In detail, the algorithm that determines which layout::box objects get created is as follows (target is the layout box which acts as the container for any boxes created by the element under consideration):

  • If a block element is encountered, the DOM tree is scanned upwards for the first element with block display property; the associated inner box which will be the target. A layout::vbox is added.

  • If an inline element is encountered, this element could have been broken by block boxes. In order to find the correct container, the tree is scanned to the left for previous siblings. In case the previous sibling is an inline sibling, it can either be empty or non-empty. In the former case the parbox associated to this empty element is the target. In the latter case, the parent of the box associated to the non-empty element is the target.

    If the previous sibling is block, the DOM tree is scanned upwards for the first block parent element with an associated box, and to this box a parbox is added. Then the intermediate part is examined upwards for an inline element with a box associated to it, of which the properties are inherited by adding a property_box to the parbox just added. This property box becomes the target (in case the first upwards box is the block box, do nothing).

    In the remaining cases there is no preceding sibling. In this case the DOM tree is scanned upwards for the first element with associated box. If it is inline, the box will become the target. If it is block, a parbox is created and associated to the present element; this box is the target.

As an example, consider
<BLOCKQUOTE>
some text <EM>emphasised <RED>and
<H1>header element</H1>
more</RED> emphasised text</EM> and normal again.
</BLOCKQUOTE>
This translates to (in symbolic language for lib-layout)
\vbox{
  \parbox{
     some text
     \property_box[em]{
        emphasised 
        \property_box[red]{and}}
  \vbox{
     \property_box[em,red,big]{
        \parbox{header element}}}
  \parbox{
     \property_box[em]{
        \property_box[red]{more} 
        emphasised text} 
     and normal again.}
}
The presence of the block-level element <H1> breaks the geometrical nesting.
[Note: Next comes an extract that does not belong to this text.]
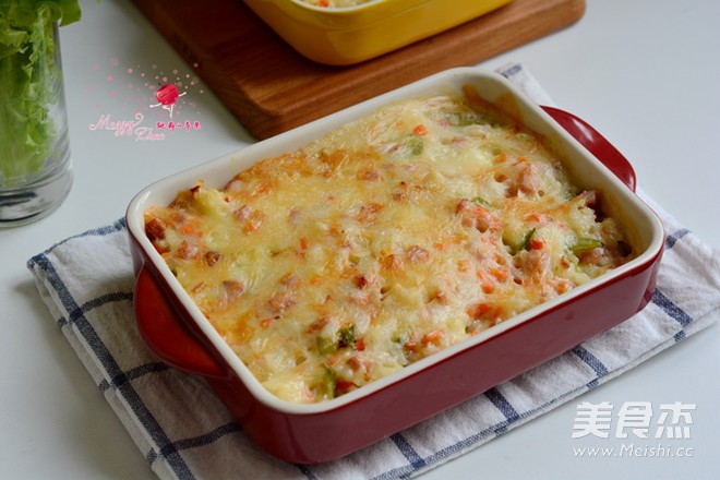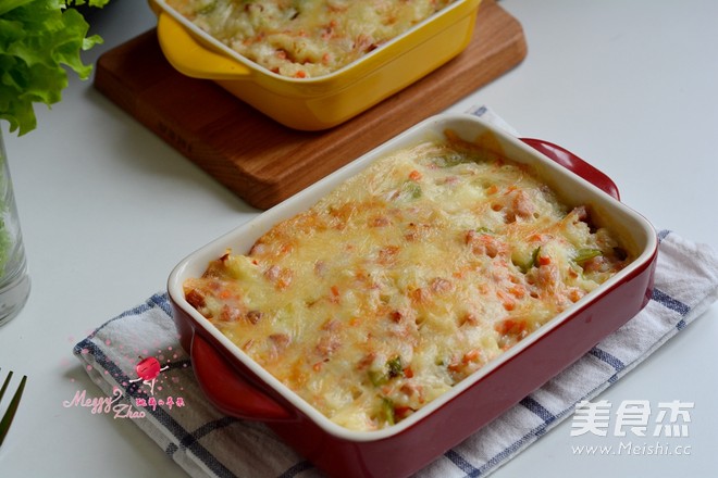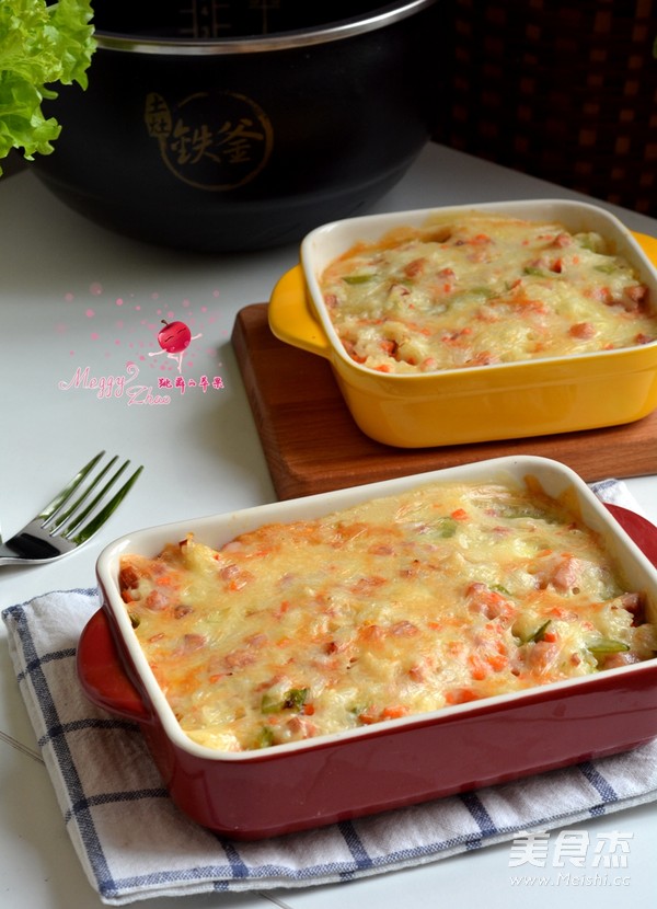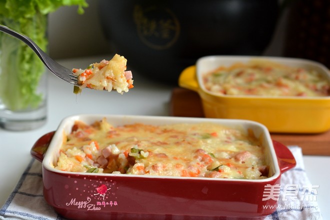 剩米饭炒炒,再加点马苏里拉奶酪,就变身成为华丽丽的焗饭啦!原来,中西方的饮食也只是差这么一点点!
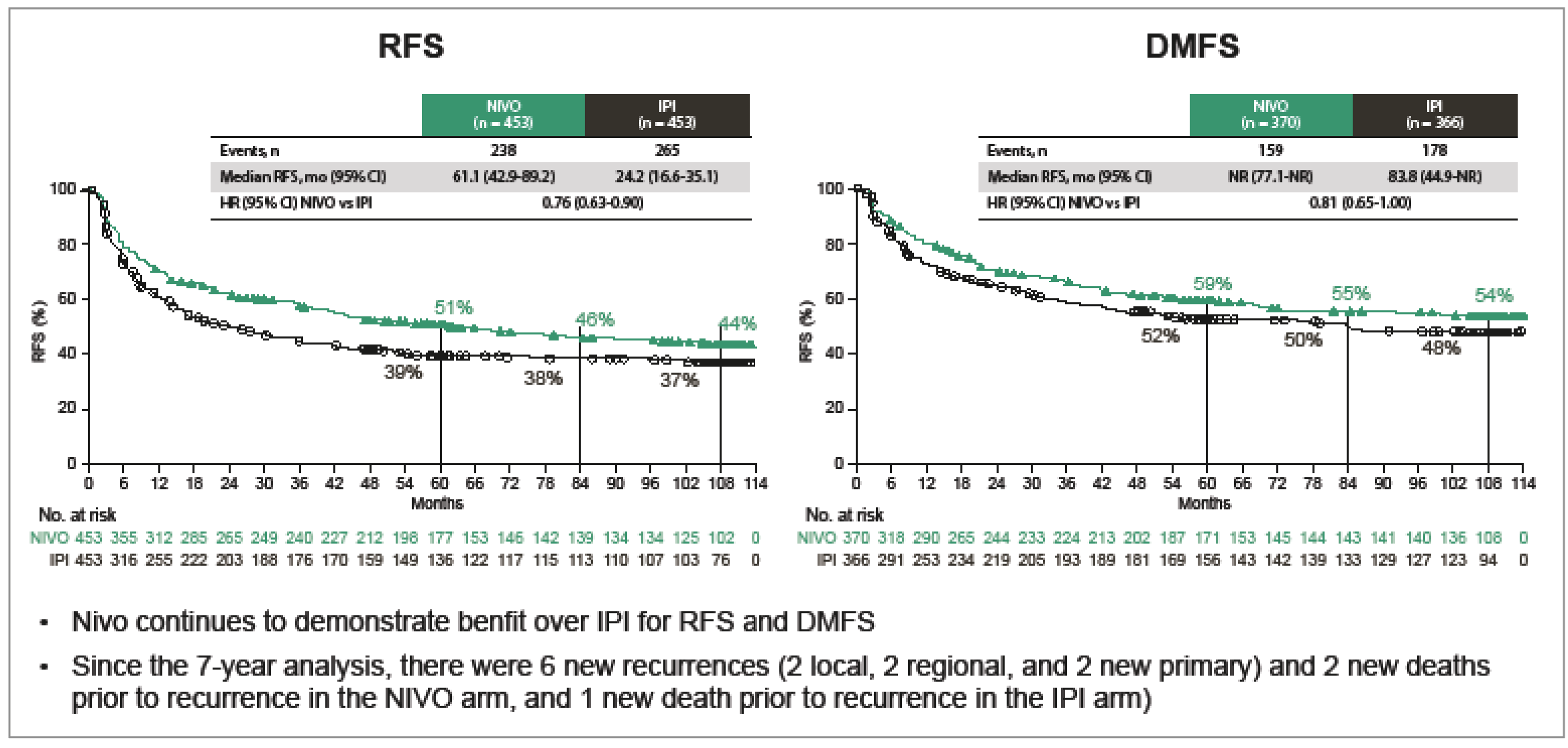 Pour rappel, il s’agit d’un essai pivotal qui a conduit à l’AMM du nivolumab en situation adjuvante sur des données de SSR/SSMD (FDA 2017, EMA 2018). Les résultats finaux à 9 ans ont été présentés ainsi que des analyses post hoc incluant la SSP jusqu’à la ligne suivante (SSP2), la survie spécifique au mélanome (SSM) et l’effet du calendrier d’administration des doses.

Properties that should be inherited include table stuff: border-collapse border-spacing caption-side empty-cells, colors: color cursor, font stuff: font font-family font-size font-size-adjust font-stretch font-family font-variant font-weight, box spacing: letter-spacing line-height orphans widows text-align text-indent text-transform white-space word-spacing page page-break-inside, lists: list-style list-style-image list-style-position list-style-type, junk: quotes.